Se recompone. La fachada ante todo. Ay Maruja. Cómo me dejaste hace tres inviernos, ya no resististe más y el cáncer, ese mal que nos crece dentro te postró para siempre. Al menos, piensa, fue rápido, dos semanas y al nicho. Que menos que no padecer más que lo necesario. No puede olvidar los estertores, los gemidos. Dos semanas eternas, cómo ese cigarrillo. No creía que supiera tan bien. Da sus buenas caladas. Profundas. Se despide, cómo si fuera a verla pronto, de su mujer. Se le escapa una lágrima mientras se agacha a recoger la garrota que, tras él, quedará huérfana. Médico, ingeniero y maestro. No ve a ninguno de sus tres vástagos luciendo con orgullo, cómo el lo hace aquel bastón tan antiguo cómo su memoria. la espalda suerta un lamento en forma de crujido y a punto está de soltar el cigarro que muerde con fuerza con sus encía raidas, vacías de dientes desde hace tanto tiempo que no sabe si verdadermente algún día los poseyó. Se echa atrás y siente zaherido el lomo contra el bordillo de hierro.

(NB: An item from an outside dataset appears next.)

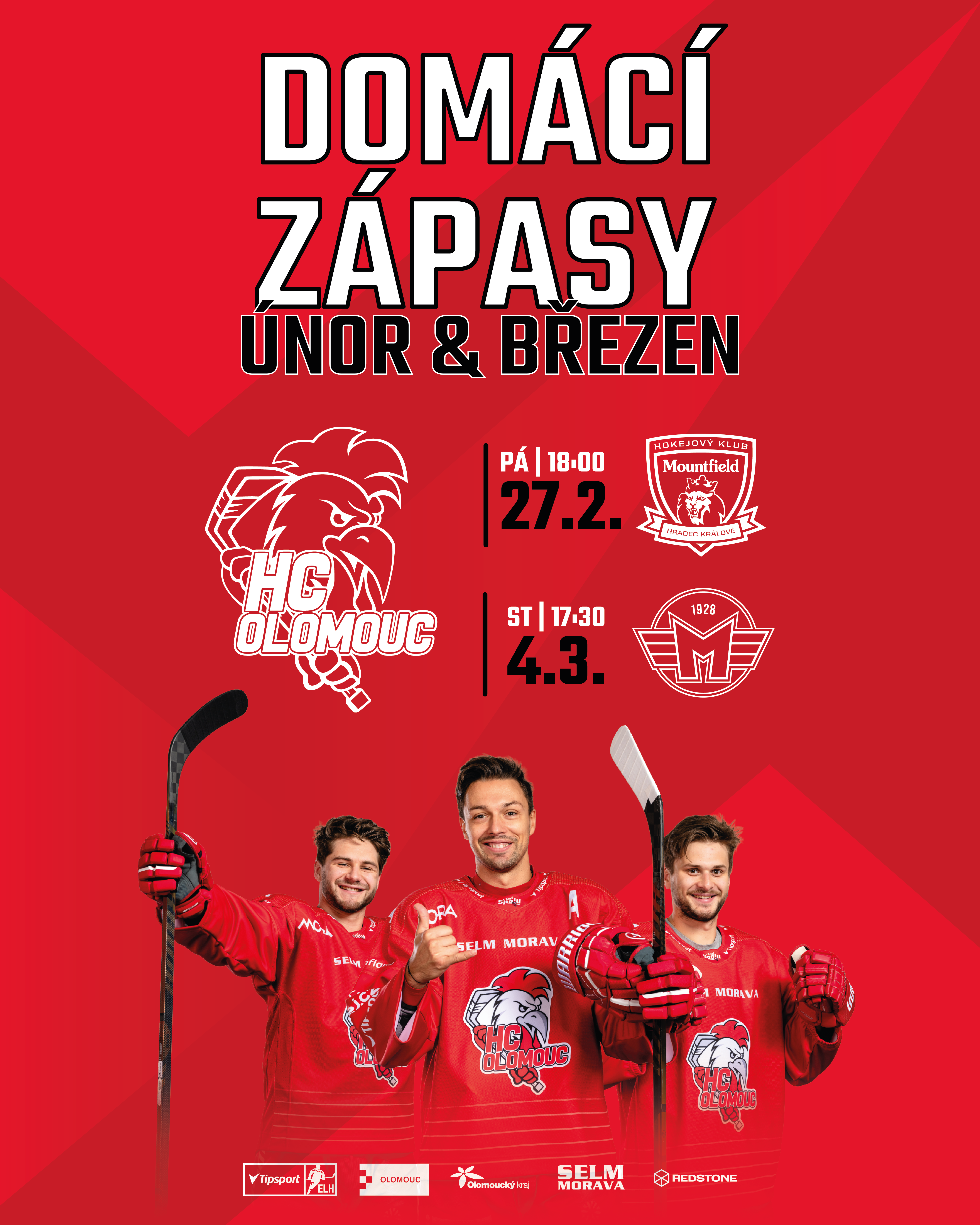 HC Olomouc zve všechny příznivce ledního hokeje na domácí zápasy, které se uskuteční v měsících únoru a březnu 2026.

Maldice mientras se siente inútil. Ningún parroquiano pasa en aquel momento, por lo que siente cierto sosiego. Así no se sentirá impotente e inútil cómo cada noche que pasa vislumbrando en el pasillo de su oscura morada el acceso y llegada del oscuro chófer que vía sueño eterno le conducirá a la compañia de su legítima, la que lo fuera por cincuent y dos años y que, Dios mediante, lo será por los siglos de los siglos. Atardece. Ve volver algunos de los que, más valientes y jóvenes, decidieron acompañar a los deudos del último agraciado con la tómbola de la Parca. El sol se va dejando caer en su períplo circular tras los montes del Poniente. Viejos guardianes de la blancura de un pueblo que se renueva cada año a fuerza de cal viva mientras los que ven enrojecer las paredes cada tarde al ocaso van feneciendo un poco más con cada día que pasa. Refresca. Se arrebuja en la rebeca y apoyándose en su inseparable amigo se aleja de la iglesia... Hasta el próximo caido.
Cuesta e Iglesia.
De nuevo las campanas tocan a duelo. Han pasado menos días de los que deseara y se encamina de nuevo al templo. Asciende liviano, mucho mejor que las últimas ocasiones. Es mucho gentío el que se dirige, flanqueándole al templo. El día es mucho más luminoso de lo que pudiera creer cuando a la mañana aquellos nubarrones lo tornaron todo tan oscuro cómo la noche más tenebrosa. No consigue reconocer a ninguno de los que al duelo acuden. El tiempo es cálido y verdaderamente no sabe ni quien es el fallecido. De repente se ve así mismo sin garrota y sin achaques. Sus dolores han desaparecido y reconoce a sus hijos, compugidos, algunos pasos por detrás. No comprende porqué son los únicos que van de luto mientras el lleva una ropa que cada vez es más luminosa y brillante. Algunas personas le sonrién y nota cómo el sol de poniente crece en esplendor mientras copa la altura de la cuesta y ve que no acudirá a más funerales. Alguien le tiende la mano. Es su Maruja, ha llegado el momento y, verdaderamente, nunca habría pensado que fuera tan fácil cruzar tan tétrico umbral.